Italy’s €8 Billion Libya Investment Reshapes European Energy Security
Italy is positioning itself as a key player in Euro-African energy diplomacy through energy giant Eni’s €8 billion investment in Libya, backed by the ambitious Mattei Plan. This strategic investment marks Italy’s commitment to strengthening economic ties with North Africa as Europe seeks to diversify from Russian gas supplies.
The investment targets both offshore and onshore development projects, including expansion of gas output at the Bouri and Bahr Essalam fields. Through Mellitah Oil & Gas, a joint venture with Libya’s National Oil Corporation, Eni is leading the Bouri Gas Utilization Project, scheduled to export gas to Europe via the Greenstream pipeline by 2026.
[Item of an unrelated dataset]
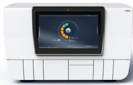
Figure 1. The AS T ar System covers the broadest Gram-negative antimicrobial panel and range of dilutions to date, in a user-friendly and fully automated rapid AST system. The instrument is designed to deliver AST testing from positive blood cultures in ~6 hours.

The AS T Disc contains more than 330 culturing chambers prefilled with antimicrobials in various concentrations used for AST, chambers without antimicrobials used as controls, and chambers used to determine the concentration in the purified sample. The Disc is labeled with a unique barcode for identification, and linking to each respective sample preparation Cartridge and patient. The antimicrobial panel for AST analysis of Gram-negative bacteria includes testing capacity for both non-fastidious and fastidious pathogens, directly from positive blood cultures. The availability of a broad panel with “old” and “novel” antibiotics offers multiple therapeutic options, while preserving the efficacy of new molecules. The optimal design allows for Disc storage at room temperature.

The Mattei Plan represents Italy’s strategic framework for reimagining its relationship with Africa, shifting from aid-based dependency to partnership-based development. Prime Minister Giorgia Meloni has positioned this plan as the cornerstone of a new Mediterranean energy strategy that prioritizes economic cooperation, regional stability, and migration management.
Libya, with an estimated 48.4 billion barrels of proven oil reserves, serves as a vital supplier to Italy. The Greenstream pipeline, spanning 520km from Libyan fields to Sicily, has a transport capacity of up to 11 billion cubic meters of gas annually.
With Eni as the largest foreign operator in Libya, responsible for nearly 80% of the country’s gas exports, Italy is positioned to play a decisive role in shaping regional energy flows and reinforcing supply to European markets.